→ **WHAT YOU SHOULD DO**
Without any of the pictures, transcribe all the lines below exactly.

→ **SOURCE MATERIAL**
*****
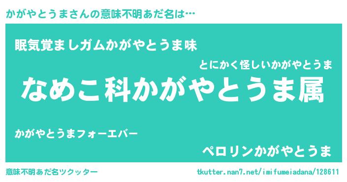 | 胡散臭い通販商品みたいなあだ名 | 『お金では代えられないマグネット磁石…その名も「かがやとうま」』 |
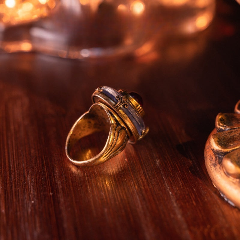 Western Antique Retro Series Blue Handmade Glass Brass Plated Gold Ring
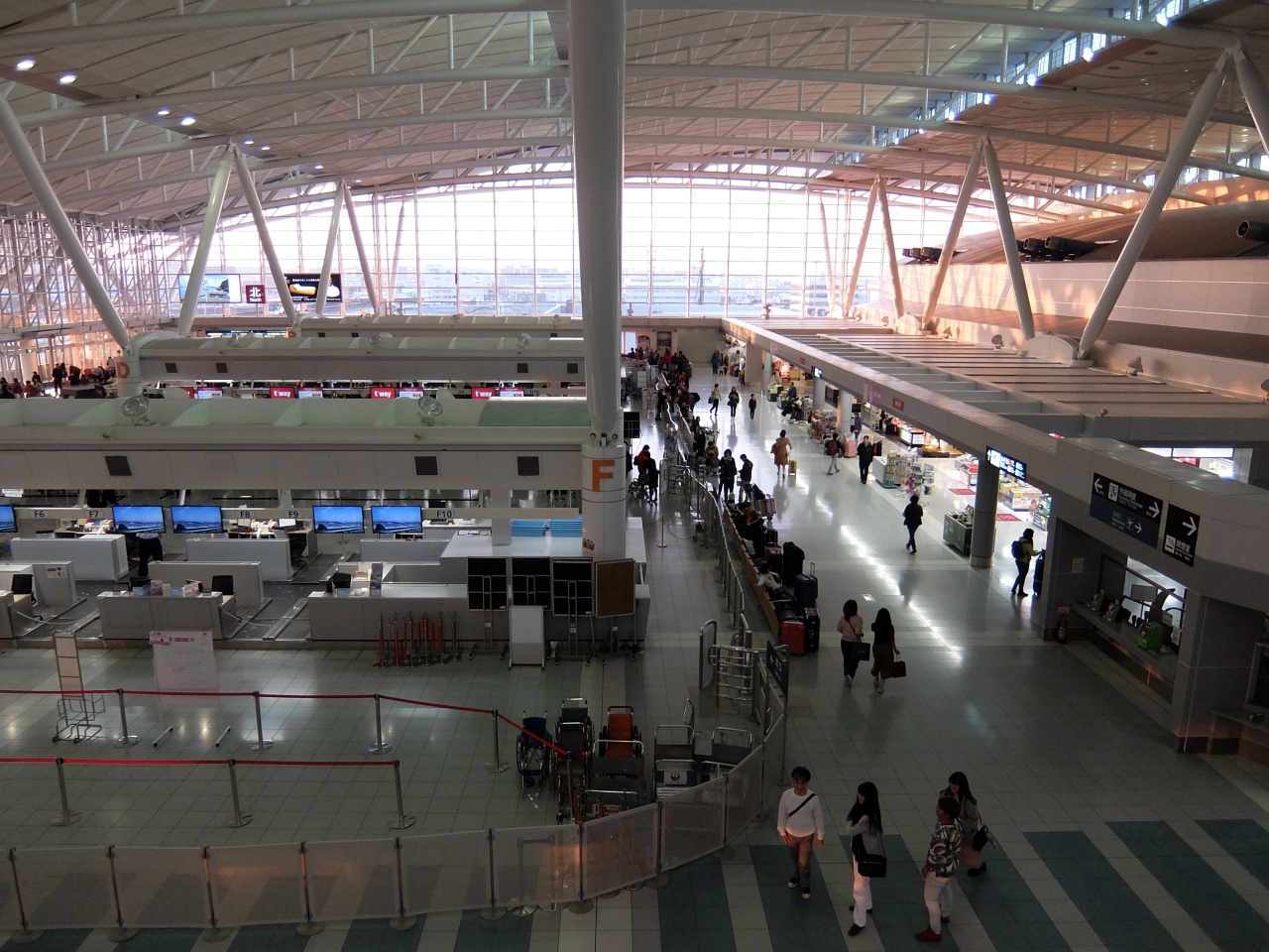 日本国内でも大きいほうの国際線空港。免税店もしっかりしています。羽田空港の国際線ターミナルのような雰囲気です。さすがアジアの玄関ですね。とてもきれいですが、アジア系の観光客が多く、混雑しているかなと思います。
*****
→ **OUTPUT FOR THIS EXERCISE**
 | 胡散臭い通販商品みたいなあだ名 | 『お金では代えられないマグネット磁石…その名も「かがやとうま」』 |
 Western Antique Retro Series Blue Handmade Glass Brass Plated Gold Ring
 日本国内でも大きいほうの国際線空港。免税店もしっかりしています。羽田空港の国際線ターミナルのような雰囲気です。さすがアジアの玄関ですね。とてもきれいですが、アジア系の観光客が多く、混雑しているかなと思います。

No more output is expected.